[IPython-User] Advice re parallelizing many quick calculations
Junkshops
junkshops@gmail....
Sun Jul 1 14:07:14 CDT 2012
Hmm, I guess this question was either too hard, too stupid, or too long.
In the hopes it was the latter problem I'll try again.
Short version:
Is attempting to parallelize simple per row calculations (e.g. a few
multiplications/additions/etc) on a large 2D dataset a waste of time
when routing via the notebook due to the time required for data
packaging and transport? if so, is the solution to this problem to have
the individual python engines read and write the data directly?
Long version:
I have a dataset of a million rows with 7 numbers per row. I want to
apply this function to every row:
def scaleArray(expt):
return [int(expt[0]) / 5 - 2,
int(expt[1]) / 5 - 2,
(float(expt[2]) - 0.82) * 50,
(float(expt[3]) - 0.91) * 100,
float(expt[4]) * 10,
int(expt[5]),
int(expt[6])
]
Every attempt I've made to parallelize this via the notebook has
resulted in slowing down the processing via at least an order of
magnitude.

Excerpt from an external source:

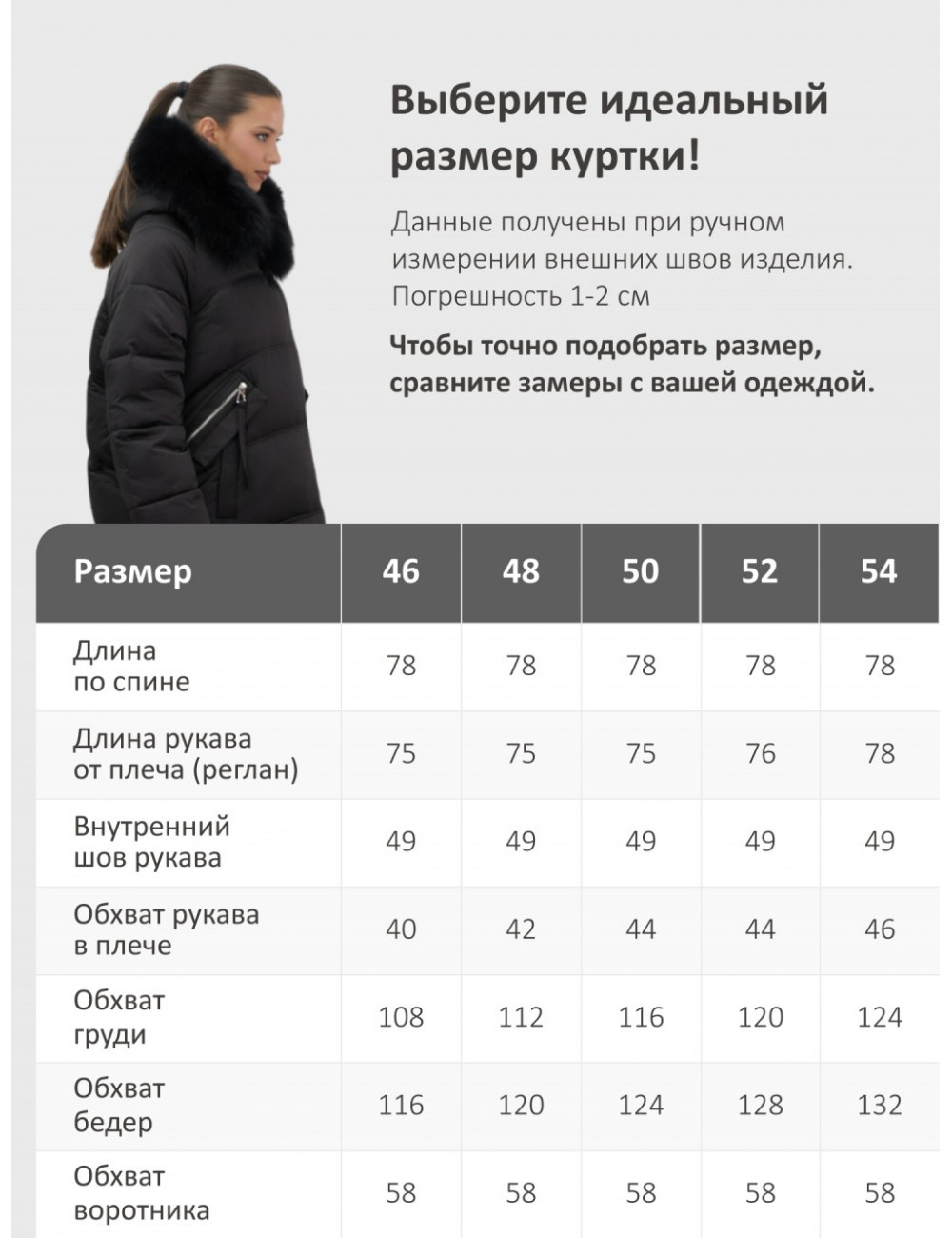 Пуховик представлен в размерах от 46 до 54. Профессиональный пошив гарантирует безупречную посадку для роста 158–190 см.

I've been using 4 engines via direct and loadbalanced views
and tried synchronous and asynchronous calls and splitting the data into
4 chunks and directly calling each engine. Is there some way to do this
or do the costs of packaging and transporting the data compared to the
calculations mean this function is unparallelizable via the notebook?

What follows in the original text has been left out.